As the lodge grew and prospered, new features were added, and a finally, in the summer of 1894 it was organized under the name of The Coming Men of America. On March 13, 1895, it was granted a certificate and charter by the state of Illinois, which gave it the power to enroll members, organize lodges, and conduct meetings.

Organized two years later, by December 31, 1894, the membership was 600. One year later, it was 4,000, and at the end of the fifth year, it was 20,000. In 1906, it was almost 100,000, with about 5,000 charters granted in the U.S., Canada, and Mexico by the Grand lodge.

When it spread to Canada, by 1905, the Quebec La Vérité made an investigation. By 1907, the organization was represented in every State and U.S. Territory, and the CMA claimed to be the greatest chartered secret society for boys and young men in the U.S.

==Organization==
The CMA was a secret society of boys and young men, from age 14 to 21. It gathered its members mostly in high schools, colleges, and universities.

Its object was the promoting of interest in public affairs among the coming men of the country. It also taught fraternity, sociability, and encouraged literary tastes. Politics and religion were eschewed. The only requirements to membership were integrity, morality, age, and amiability.

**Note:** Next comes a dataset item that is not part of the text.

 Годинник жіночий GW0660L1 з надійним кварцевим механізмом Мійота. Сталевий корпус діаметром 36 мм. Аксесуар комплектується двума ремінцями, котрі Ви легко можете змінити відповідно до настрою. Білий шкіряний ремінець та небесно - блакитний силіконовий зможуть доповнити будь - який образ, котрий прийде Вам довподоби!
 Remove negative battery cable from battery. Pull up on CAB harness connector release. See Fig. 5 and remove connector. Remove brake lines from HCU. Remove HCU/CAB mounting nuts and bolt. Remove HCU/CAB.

Its meetings were first held in a basement. On this basis, older men aided in its development, so that it would be a good example of the boy-imitative helped out by parents. It spread with the approval of the Masons, who lent it their halls for meetings.

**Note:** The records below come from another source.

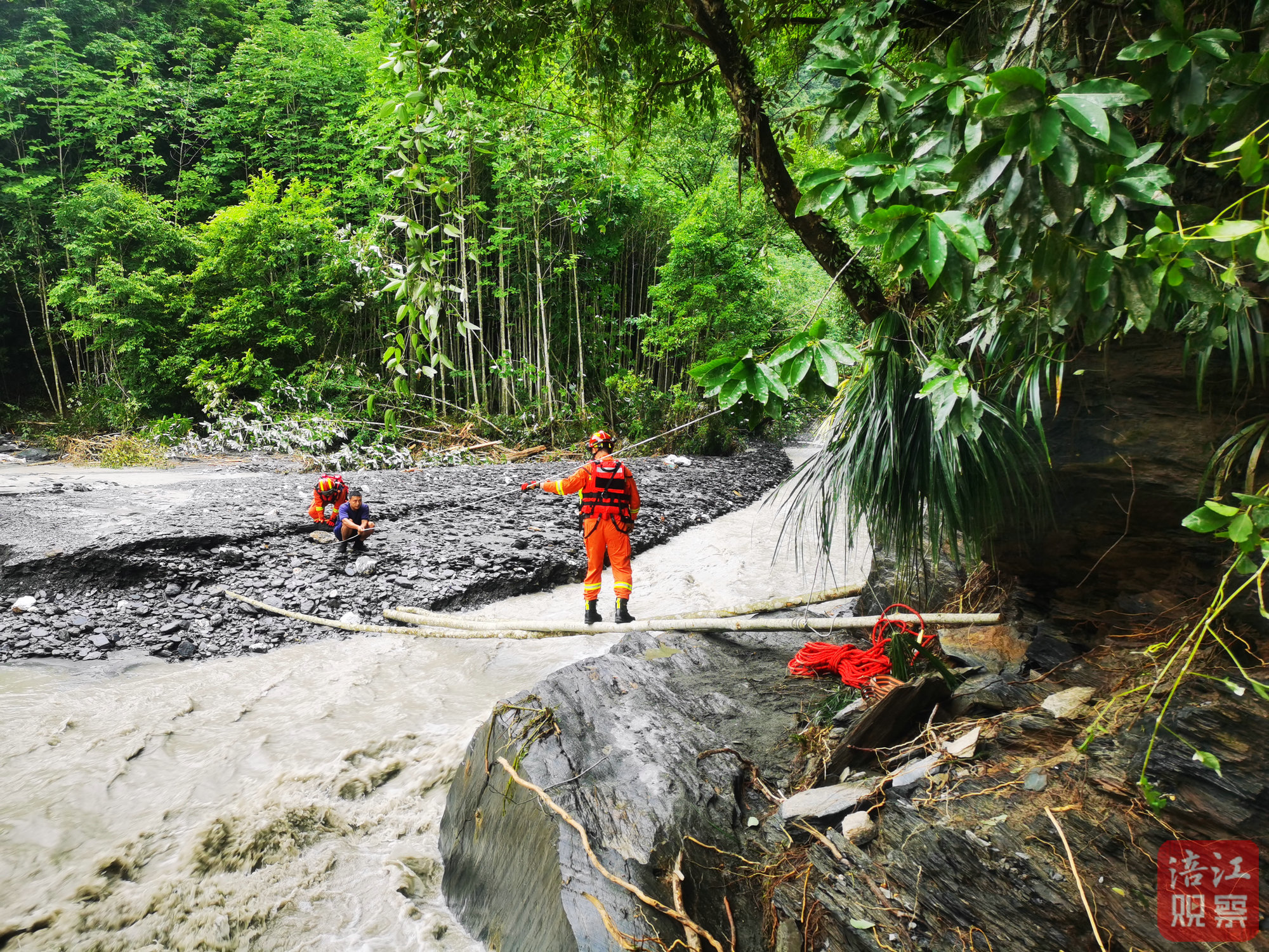 面對(duì)險(xiǎn)情,消防救援隊(duì)員迅速研判,決定就地取材,利用現(xiàn)場(chǎng)樹(shù)木、石塊等材料,爭(zhēng)分奪秒在湍急的水流上方搭建起一座簡(jiǎn)易便橋。這座臨時(shí)架設(shè)的“生命通道”為轉(zhuǎn)移被困群眾創(chuàng)造了關(guān)鍵條件。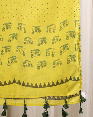 Bright Yellow Sanganeri Natural Cotton Linen Women Midi Dress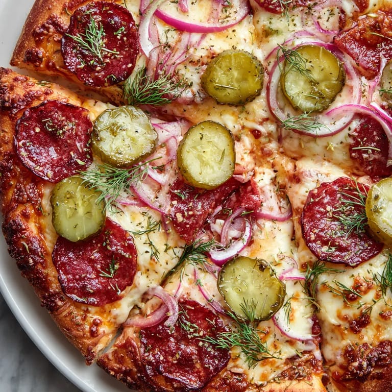 Save to Pinterest This pickle-flavored pepperoni pizza is for anyone who loves a bold punch of tang with their cheesy slice. The zesty hint from pickles, gooey mozzarella, and salty pepperoni all work together for an unforgettable twist on classic pizza night. Whether you use homemade or store-bought dough, this recipe delivers a uniquely delicious experience that quickly became a favorite in my kitchen.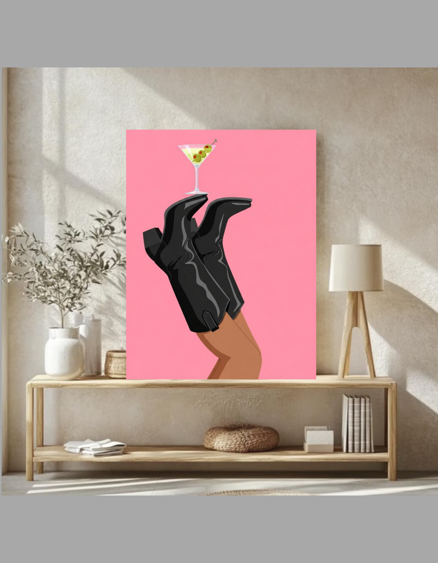 Elevate your space with this whimsical Coastal Cowgirl Boots and Martini Wall Art Printable PNG Digital Download, perfect for adding a touch of cottagecore aesthetic and western charm to your home decor. This high-resolution 300 DPI PNG file features an adorable illustration of cowgirl boots playfully balancing a martini glass, blending coastal cowgirl vibes with girly boho elements for that trendy dopamine decor boost.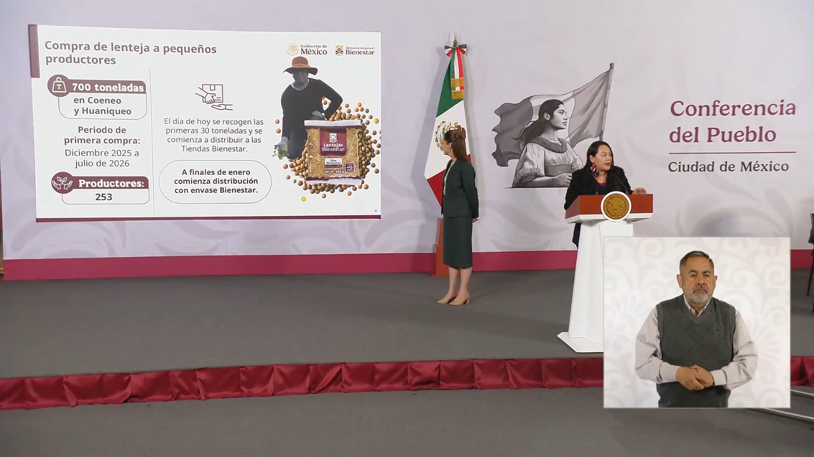 La funcionaria detalló que esta primera fase contempla la salida de la producción ya disponible en manos de los pequeños productores, con el objetivo de evitar pérdidas y garantizar flujo económico durante el proceso de consolidación del programa. También adelantó que la comercialización con la presentación unificada bajo la marca “Lentejas del Bienestar” iniciará a finales de enero de 2026, una vez concluido el embalaje y la imagen oficial.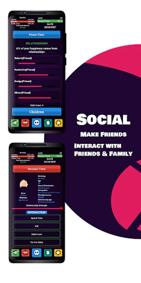 - IQ & LOOK's: These stats help you in social & career aspects in simulation.
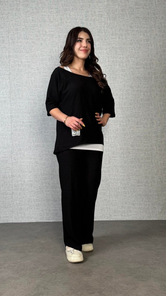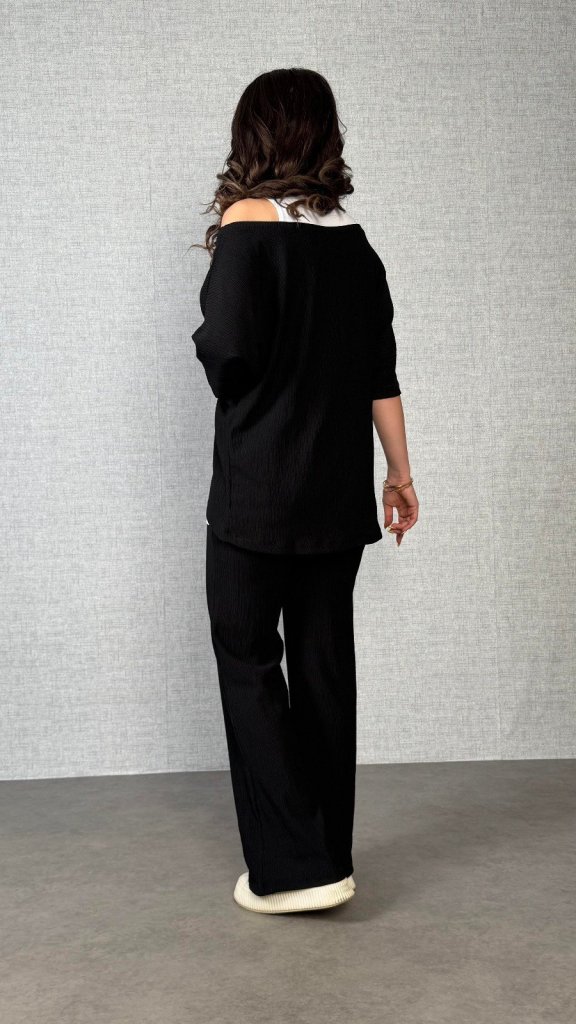Kadın Kısa Kollu Omuzlardan Açık Yarasa Kollu Bürümcük Bluz Ve Pantolon Ve Viskon Atlet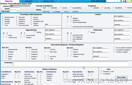 门诊使用基于语音识别的智能电子病历相对要少一些。很多系统的门诊系统包含了丰富的模版,美国退伍军人医院在非常早的时候(2010年之前)就通过使用大量的模版来进行处理门诊的数据录入。下面分析中的截图也是来自一些美国退伍军人医院的系统。这些模板是渐进式的、菜单式的。医生和护士在和病人的交流中,通过勾选、点击就能完成门诊数据、门诊病历的处理。这些模版就像乐高积木一样,可以进行搭接,灵活的比较高,医院和医生可以设计自己的模版。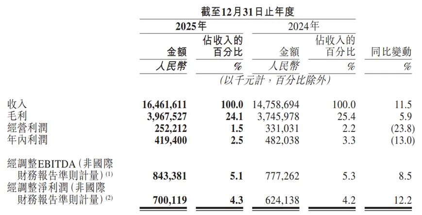 不过,公司在利润端的表现略显疲态。按照国际财务报告准则,2025年净利润仅为4.19亿元,较上年同期的4.82亿元下降13%;净利率从3.3%下滑至2.5%,盈利能力明显承压。即便采用非国际准则计量的经调整净利润达到7.0亿元,同比增长12.2%,也难以掩盖下半年业绩断崖式下跌的事实——2025年下半年经营利润仅为3028万元,同比暴跌74.6%;期内利润1.13亿元,同比下降42.9%。

Boys traveled on its badge. There was a badge, sign, and a secret sign language called "bestography." The motto was "Our Turn Next" (OTN). The organization's secret ritual work was highly praised. Its membership was limited to Caucasian boys under the age of twenty-one.

Unlike some other secret societies, degrees were conferred for work for the lodge, deeds of bravery, and other similar actions. The degree members had a special certificate and secret work for the fifth, tenth, and fifteenth degrees. Another feature of the CMA was the post of the uniform rank, which were formed in lodges that had 12 or more members.

There were no annual dues in the CMA. Instead of this, each member, to keep in good standing, was required to keep up his subscription to The Star Monthly, the official organ, and the traveling card which was sent him each time he renews, was the proof that he was in good-standing.

==Publications==
The official paper, The Star Monthly made its appearance in August 1894. It was an illustrated magazine with at least 32 pages each month. The covers were printed in color. Departments included Athletics, Games, Carpentry, Mechanics, Electricity, Puzzles, History, Photography, Coins, Curios, Stamps, and Amateur Journalism. Prize awards were given out in each department every month.

This paper absorbed the goodwill and subscription list of Harper's Round Table in 1900 or 1901.

The CMA was characterized as a club for subscribers to a periodical, The Star Monthly being its official organ.

==Notable people==
C. R. Phillip served as president, and Hunter was the Grand Secretary. W. M. C. Foster, of Oak park, was adjutant general of the uniform rank.